“Morning.”
“Thank you for staying last night.” I had several drinks, but I wasn’t drunk by any means. I very much remember everything that happened.
The feeling of dread I felt when he was about to leave feels as real right now as it did last night. The thought of being alone made my throat feel impossibly tight.
His face remains serious as he laces his fingers through mine.
“The quiet can feel too loud sometimes.” I shake my head, but Wyatt is nodding along like he gets it.
“The silence leaves too much empty space for your brain to be extra loud,” he says, tracing his thumb over the side of my hand.
My eyes widen slightly at the realization of how perfectly he just put the feeling into words. “Exactly.”
He lets out a deep breath. “Our house was really loud when I was growing up, and not in a good way. Yelling. Walls getting punched. You get the picture.”
I nod because I don’t want to interrupt something that I’m sure isn’t easy for him to talk about.
“Kane’s house was noisy, too, but in a good way. Laughter. I-love-yous. Music.” He smiles, clearly lost in memories. “That became my solace and beacon of hope. Little bits of silence are good for anyone, but too much and my mind races with a million different things that I usually don’t have control over.”
I blink slowly, processing everything he said. “You guys have all known each other for a long time.”
He nods against the pillow. “Since kindergarten.”
“Wow. No wonder you’re all as close as you are.”
“I have two brothers, not just one.” His face is dead serious when he says it.

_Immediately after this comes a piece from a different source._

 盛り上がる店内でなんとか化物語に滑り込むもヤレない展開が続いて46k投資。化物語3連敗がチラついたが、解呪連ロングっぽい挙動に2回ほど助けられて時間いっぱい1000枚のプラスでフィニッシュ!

I’ve seen it in the way they interact, but Wyatt doesn’t feel any differently about Kane than he does about Linc.
“Family can look a lot of different ways,” I say.

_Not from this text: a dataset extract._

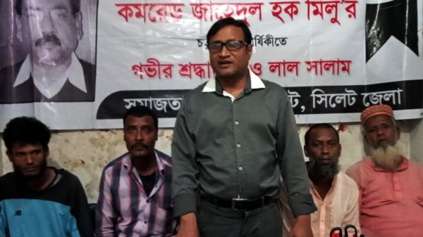 শুক্রবার (১৬ জুন) বিকাল সাড়ে ৫টায় আম্ভরখানাস্হ দলীয় কার্যালয়ে সমাজতান্ত্রিক শ্রমিক ফ্রন্ট সিলেট জেলা আহ্বায়ক আবু জাফর এর সভাপতিত্বে স্মরণসভায় অন্যান্যের মধ্যে বক্তব্য রাখেন, সমাজতান্ত্রিক নির্মাণ ফ্রন্ট জেলা সাধারণ সম্পাদক মামুন বেপারি, শফিকুল ইসলাম কাজল, চালক সংগ্রাম পরিষদের শহিদ মিয়া, আনোয়ার হোসেন, কুটি মিয়া, চা শ্রমিক ফেডারেশনের দীলিপ হাওলাদার, প্রমূখ।

He nods again and smiles. “Kane’s parents are more like mine and Linc’s mom and dad than our birth parents. I owe the two of them everything. I wouldn’t be who I am today without their love and support over the years.”
My heart warms at the softness in his eyes when he talks about them. “They sound like wonderful people.”
“They really, really are.” He pulls our intertwined hands up to his face and kisses the back of my hand. Tingles skitter down my arm.
We can’t be more than friends, but I want more. The way his eyes are boring into me makes me want far more than I should.
My resolve is cracking, and I don’t know how much longer I’m going to be able to fight this.Any of it.
All I want to do is kiss his perfect lips. His eyes move to my mouth and back to my eyes. Obviously, his mind is in the same crazy town as mine.
“We shouldn’t,” I say. The words are barely audible because I can’t bring myself to say them any louder. I don’t want to say them at all.
“Friends can kiss and not have it be a big deal.”
I open my mouth but quickly shut it. I could make a retort, but I really don’t want to. I want to just say fuck it and let the chips fall where they may.
He must see the moment I give in. His hand gently slides up my arm until he’s cupping the side of my face. He leans in ever so slowly, his face less than an inch away.
“I’ve wanted to kiss you since the moment my lips left yours last time.”
A shiver moves through me at his words alone. “Me too.”
His fingers slide into the hair at the back of my neck as his lips press against mine. My whole body lights up from the first moment of contact. The kiss is slow and sensual, but the need building inside of me demands more.
My arms wrap around him, my hand sliding over the contoured planes of his back. I revel in every dip and curve of muscle I feel. He lets out a breathy moan that I swallow up with another kiss.